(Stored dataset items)
━━━━━━
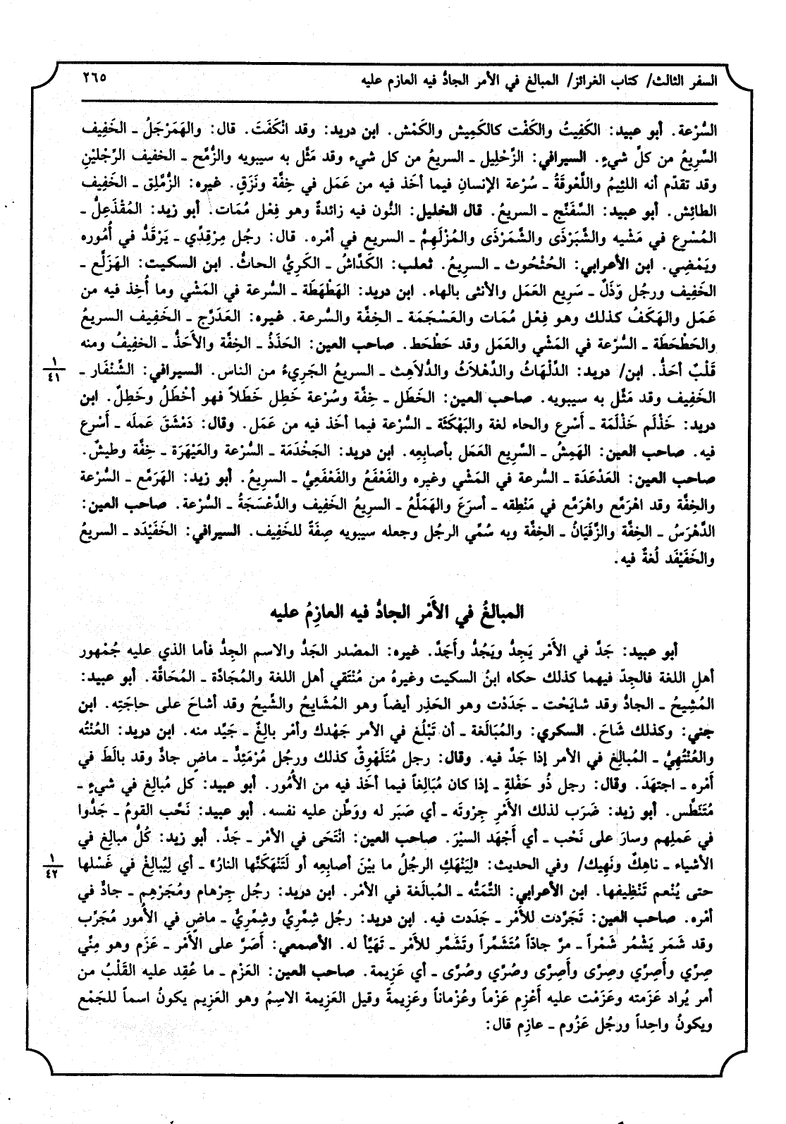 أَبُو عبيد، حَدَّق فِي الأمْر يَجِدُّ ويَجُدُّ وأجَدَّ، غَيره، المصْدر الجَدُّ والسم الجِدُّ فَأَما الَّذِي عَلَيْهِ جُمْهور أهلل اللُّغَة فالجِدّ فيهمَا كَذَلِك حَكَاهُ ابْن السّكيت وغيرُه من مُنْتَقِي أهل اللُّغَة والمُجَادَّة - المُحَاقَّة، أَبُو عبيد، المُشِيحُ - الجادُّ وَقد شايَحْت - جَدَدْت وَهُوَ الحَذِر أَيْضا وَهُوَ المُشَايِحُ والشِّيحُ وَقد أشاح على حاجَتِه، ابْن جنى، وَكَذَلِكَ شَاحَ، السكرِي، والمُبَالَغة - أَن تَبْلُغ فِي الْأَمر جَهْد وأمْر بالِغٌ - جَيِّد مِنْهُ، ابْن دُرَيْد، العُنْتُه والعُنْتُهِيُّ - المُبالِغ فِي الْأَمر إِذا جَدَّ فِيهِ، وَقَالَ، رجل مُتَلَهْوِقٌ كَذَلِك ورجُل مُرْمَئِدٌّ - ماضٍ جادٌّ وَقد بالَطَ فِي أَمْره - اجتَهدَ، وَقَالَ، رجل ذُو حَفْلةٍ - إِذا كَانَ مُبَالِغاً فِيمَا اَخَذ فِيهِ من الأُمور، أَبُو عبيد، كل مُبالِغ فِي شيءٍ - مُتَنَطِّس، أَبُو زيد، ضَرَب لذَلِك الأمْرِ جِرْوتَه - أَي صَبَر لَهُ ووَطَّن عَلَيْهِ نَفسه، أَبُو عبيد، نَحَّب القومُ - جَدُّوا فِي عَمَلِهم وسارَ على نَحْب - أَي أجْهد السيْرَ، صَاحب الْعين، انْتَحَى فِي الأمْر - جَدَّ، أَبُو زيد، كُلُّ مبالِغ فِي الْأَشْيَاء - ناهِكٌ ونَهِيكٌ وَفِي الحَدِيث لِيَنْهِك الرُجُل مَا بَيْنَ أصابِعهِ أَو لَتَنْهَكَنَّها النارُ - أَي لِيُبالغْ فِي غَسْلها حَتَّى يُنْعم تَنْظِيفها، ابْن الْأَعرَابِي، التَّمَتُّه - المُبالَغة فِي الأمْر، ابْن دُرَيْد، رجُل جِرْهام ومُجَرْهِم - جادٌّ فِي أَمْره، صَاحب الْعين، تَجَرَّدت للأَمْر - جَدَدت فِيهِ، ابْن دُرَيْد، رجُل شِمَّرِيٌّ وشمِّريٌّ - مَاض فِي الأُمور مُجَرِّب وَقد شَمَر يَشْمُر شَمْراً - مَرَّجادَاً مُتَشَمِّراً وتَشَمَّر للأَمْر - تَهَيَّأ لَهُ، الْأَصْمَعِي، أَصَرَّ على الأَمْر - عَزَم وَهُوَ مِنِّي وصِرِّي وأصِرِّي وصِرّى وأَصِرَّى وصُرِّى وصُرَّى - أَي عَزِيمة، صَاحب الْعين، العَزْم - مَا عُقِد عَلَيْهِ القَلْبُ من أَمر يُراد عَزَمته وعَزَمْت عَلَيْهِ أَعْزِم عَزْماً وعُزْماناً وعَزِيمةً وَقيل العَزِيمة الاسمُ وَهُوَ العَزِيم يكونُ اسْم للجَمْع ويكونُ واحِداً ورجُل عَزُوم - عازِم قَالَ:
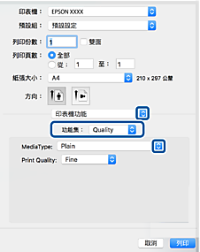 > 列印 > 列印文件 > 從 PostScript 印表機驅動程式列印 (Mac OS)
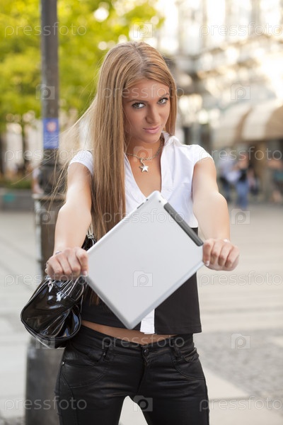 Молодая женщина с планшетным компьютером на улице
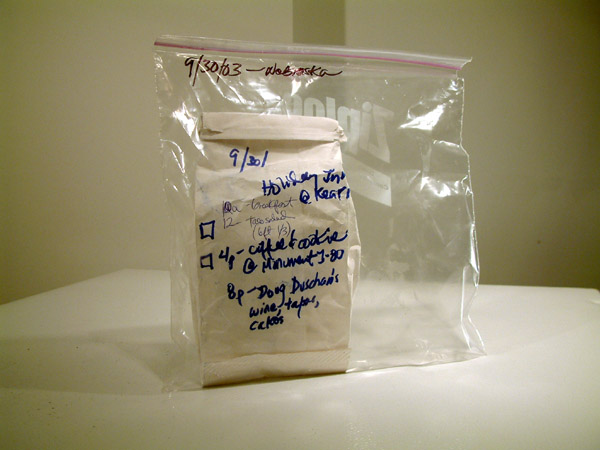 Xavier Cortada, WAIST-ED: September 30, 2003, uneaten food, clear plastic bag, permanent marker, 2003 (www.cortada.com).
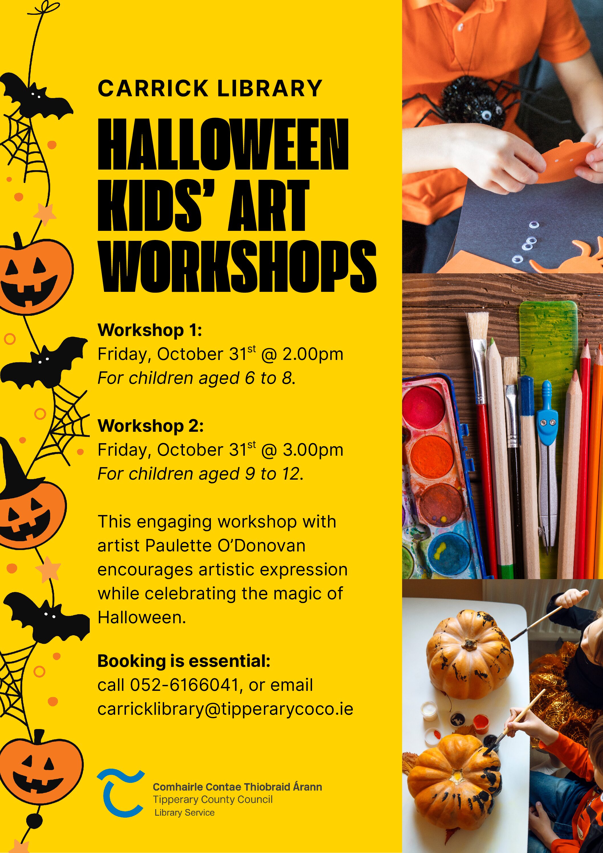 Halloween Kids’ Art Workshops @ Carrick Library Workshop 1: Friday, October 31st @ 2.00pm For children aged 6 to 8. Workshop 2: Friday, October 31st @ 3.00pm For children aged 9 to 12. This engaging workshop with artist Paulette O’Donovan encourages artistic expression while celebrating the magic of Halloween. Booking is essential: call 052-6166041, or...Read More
━━━━━━
A verbatim reproduction of each entry is expected, with every picture omitted.

**WRITTEN ANSWER**
 أَبُو عبيد، حَدَّق فِي الأمْر يَجِدُّ ويَجُدُّ وأجَدَّ، غَيره، المصْدر الجَدُّ والسم الجِدُّ فَأَما الَّذِي عَلَيْهِ جُمْهور أهلل اللُّغَة فالجِدّ فيهمَا كَذَلِك حَكَاهُ ابْن السّكيت وغيرُه من مُنْتَقِي أهل اللُّغَة والمُجَادَّة - المُحَاقَّة، أَبُو عبيد، المُشِيحُ - الجادُّ وَقد شايَحْت - جَدَدْت وَهُوَ الحَذِر أَيْضا وَهُوَ المُشَايِحُ والشِّيحُ وَقد أشاح على حاجَتِه، ابْن جنى، وَكَذَلِكَ شَاحَ، السكرِي، والمُبَالَغة - أَن تَبْلُغ فِي الْأَمر جَهْد وأمْر بالِغٌ - جَيِّد مِنْهُ، ابْن دُرَيْد، العُنْتُه والعُنْتُهِيُّ - المُبالِغ فِي الْأَمر إِذا جَدَّ فِيهِ، وَقَالَ، رجل مُتَلَهْوِقٌ كَذَلِك ورجُل مُرْمَئِدٌّ - ماضٍ جادٌّ وَقد بالَطَ فِي أَمْره - اجتَهدَ، وَقَالَ، رجل ذُو حَفْلةٍ - إِذا كَانَ مُبَالِغاً فِيمَا اَخَذ فِيهِ من الأُمور، أَبُو عبيد، كل مُبالِغ فِي شيءٍ - مُتَنَطِّس، أَبُو زيد، ضَرَب لذَلِك الأمْرِ جِرْوتَه - أَي صَبَر لَهُ ووَطَّن عَلَيْهِ نَفسه، أَبُو عبيد، نَحَّب القومُ - جَدُّوا فِي عَمَلِهم وسارَ على نَحْب - أَي أجْهد السيْرَ، صَاحب الْعين، انْتَحَى فِي الأمْر - جَدَّ، أَبُو زيد، كُلُّ مبالِغ فِي الْأَشْيَاء - ناهِكٌ ونَهِيكٌ وَفِي الحَدِيث لِيَنْهِك الرُجُل مَا بَيْنَ أصابِعهِ أَو لَتَنْهَكَنَّها النارُ - أَي لِيُبالغْ فِي غَسْلها حَتَّى يُنْعم تَنْظِيفها، ابْن الْأَعرَابِي، التَّمَتُّه - المُبالَغة فِي الأمْر، ابْن دُرَيْد، رجُل جِرْهام ومُجَرْهِم - جادٌّ فِي أَمْره، صَاحب الْعين، تَجَرَّدت للأَمْر - جَدَدت فِيهِ، ابْن دُرَيْد، رجُل شِمَّرِيٌّ وشمِّريٌّ - مَاض فِي الأُمور مُجَرِّب وَقد شَمَر يَشْمُر شَمْراً - مَرَّجادَاً مُتَشَمِّراً وتَشَمَّر للأَمْر - تَهَيَّأ لَهُ، الْأَصْمَعِي، أَصَرَّ على الأَمْر - عَزَم وَهُوَ مِنِّي وصِرِّي وأصِرِّي وصِرّى وأَصِرَّى وصُرِّى وصُرَّى - أَي عَزِيمة، صَاحب الْعين، العَزْم - مَا عُقِد عَلَيْهِ القَلْبُ من أَمر يُراد عَزَمته وعَزَمْت عَلَيْهِ أَعْزِم عَزْماً وعُزْماناً وعَزِيمةً وَقيل العَزِيمة الاسمُ وَهُوَ العَزِيم يكونُ اسْم للجَمْع ويكونُ واحِداً ورجُل عَزُوم - عازِم قَالَ:
 > 列印 > 列印文件 > 從 PostScript 印表機驅動程式列印 (Mac OS)
 Молодая женщина с планшетным компьютером на улице
 Xavier Cortada, WAIST-ED: September 30, 2003, uneaten food, clear plastic bag, permanent marker, 2003 (www.cortada.com).
 Halloween Kids’ Art Workshops @ Carrick Library Workshop 1: Friday, October 31st @ 2.00pm For children aged 6 to 8. Workshop 2: Friday, October 31st @ 3.00pm For children aged 9 to 12. This engaging workshop with artist Paulette O’Donovan encourages artistic expression while celebrating the magic of Halloween. Booking is essential: call 052-6166041, or...Read More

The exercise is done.